Well, I think we have decided on Mountains but now to decide which ones. 

Don't know Germany at all apart from the Harz which we have done. 

Agree about Normandy as we tend to do these with shorter spells . 

We are on tunnel on the 8th and come back on 25th so a bit more time than normal, just don't want to spend all our cash on fuel so would like somewhere to stay a few days at a time around lakes/rivers and mountains.

We prefer aires and municipals, we do have ASCI and gold card members of Camping Cheques if we need them. 

Will keep watching :lol: :lol: and will check out your suggestions. 

Are your companions in their own van or yours? 

Mandy


----------



## rayc (Jun 3, 2008)

We stayed at this campsite aire at Lac Chambon last August. Very good and at €10 per night including EHU great for a few nights stay. It should be a few euros cheaper in low season.

http://www.motorhomefacts.com/modules.php?name=Campsites&op=display_results&csid=4796

http://www.motorhomefacts.com/modules.php?name=gallery2&g2_itemId=116300

Or this one a bit further south at Lac D'Issarles:

http://www.motorhomefacts.com/modules.php?name=gallery2&g2_itemId=54250


----------



## mandyandandy (Oct 1, 2006)

Right we are sorted now, going to Annecy and if its not a scorching 25 degrees + then there will be trouble :lol: :lol: 

Another Lac near by that we can visit and one on the way down all on Campsite map on here so hoping all suggestions are correct. 

The Aire at Annecy doesn't look very big is there just the one. 

Looks excellent for the bikes which we love and bird watching was mentioned on one of the other places so we have covered all requirements. 

Just down to route planning now and stop overs on the way, I love Macon Aire but just a little way out really. 

Will be back with more musings in this no doubt. 

Mandy

Just incase one of you know, how do you get a degrees symbol on a key board?


----------



## Tobysmumndad (Nov 12, 2007)

*Camping Le Soleil de Provence*

If you're intending to push it as far as Orange/Avignon, we can recommend Le Soleil de Provence It's at Saint-Romain-en Viennois, just outside Vaison-la-Romaine in the Vaucluse, 40 km north-east of Avignon.

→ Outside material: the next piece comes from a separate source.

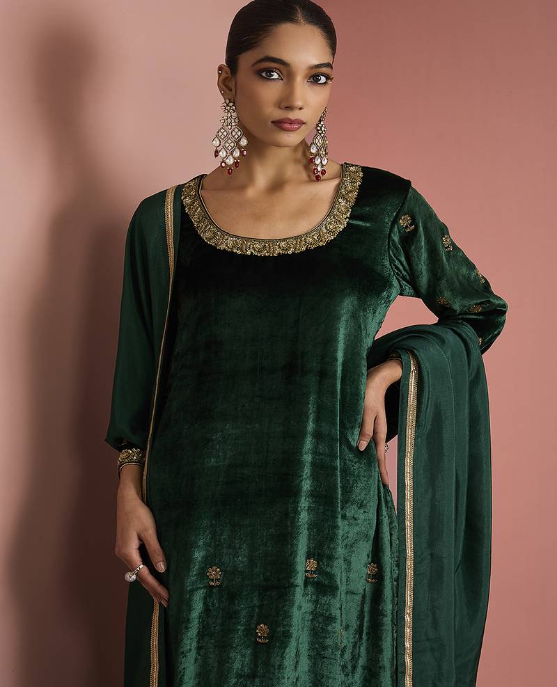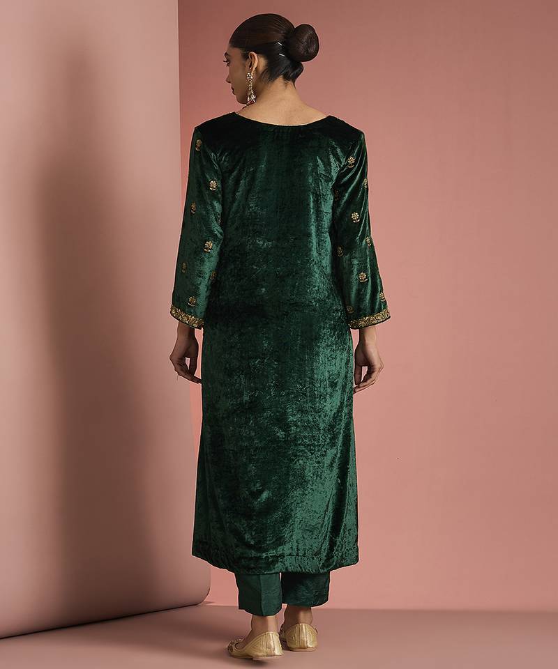 | Product Name | Dark Green Velvet Kurta Set | |
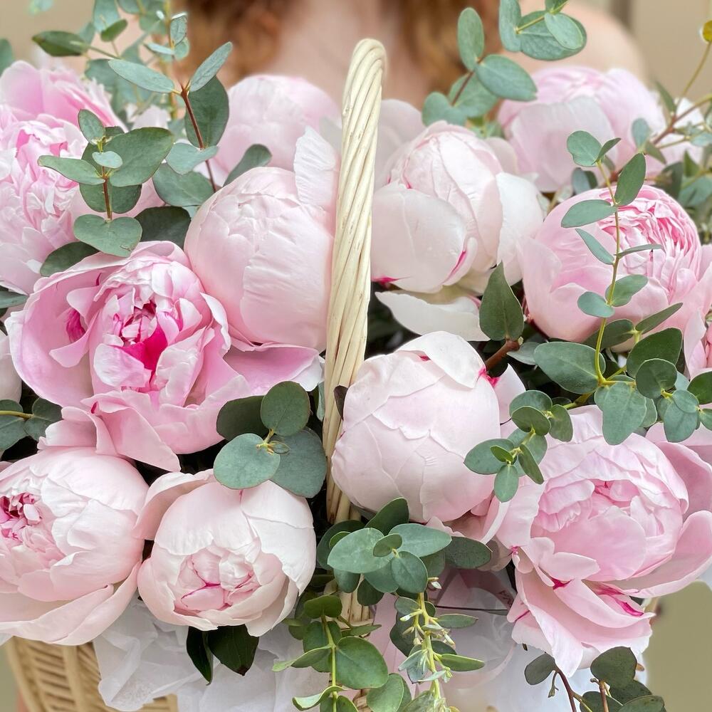 Пион Сара Бернар розовый – 19 шт.Корзина плетеная – 1 шт.Эвкалипт пучок – 2 шт.Лента брендированная – 1 шт.Оазис флористический – 2 шт.Тишью белое – 4 шт.лента силиконовая брендированная – 1 шт.

Vineyards, gorges, mountains, including the 'daddy' - Mont Ventoux, your cycle up/drive up mountain of Tour de France Fame! Easter is late this year, so it's likely to be popular with the usual regulars: Dutch, Belgians, French, Germans, and a few Brits.

When you say 'travelling companions' do you mean humans (young/old) or animal?


----------



## carol (May 9, 2005)

mandyandandy said:


> Right we are sorted now, going to Annecy and if its not a scorching 25 degrees + then there will be trouble :lol: :lol:
> 
> Another Lac near by that we can visit and one on the way down all on Campsite map on here so hoping all suggestions are correct.
> 
> ...


Many the aire in Annecy is small, they had moved it, the original spot was quite large considering where it was, but the lower part is now a park and ride car park and they have squeezed the aire in the top - we were there in Sept last and could not get in, it was overfull, people had blocked others in, and the problem is then not even being able to turn to get down the narrow lane. We met another one stuck up there when we went... We drove along out of Annecy and found a large parking area at Sevrier on the left by Route du Port and opposite a Bistro.

Carol


----------



## teemyob (Nov 22, 2005)

*Re: Camping Le Soleil de Provence*



Tobysmumndad said:


> If you're intending to push it as far as Orange/Avignon, we can recommend Le Soleil de Provence It's at Saint-Romain-en Viennois, just outside Vaison-la-Romaine in the Vaucluse, 40 km north-east of Avignon.
> 
> Vineyards, gorges, mountains, including the 'daddy' - Mont Ventoux, your cycle up/drive up mountain of Tour de France Fame! Easter is late this year, so it's likely to be popular with the usual regulars: Dutch, Belgians, French, Germans, and a few Brits.
> 
> When you say 'travelling companions' do you mean humans (young/old) or animal?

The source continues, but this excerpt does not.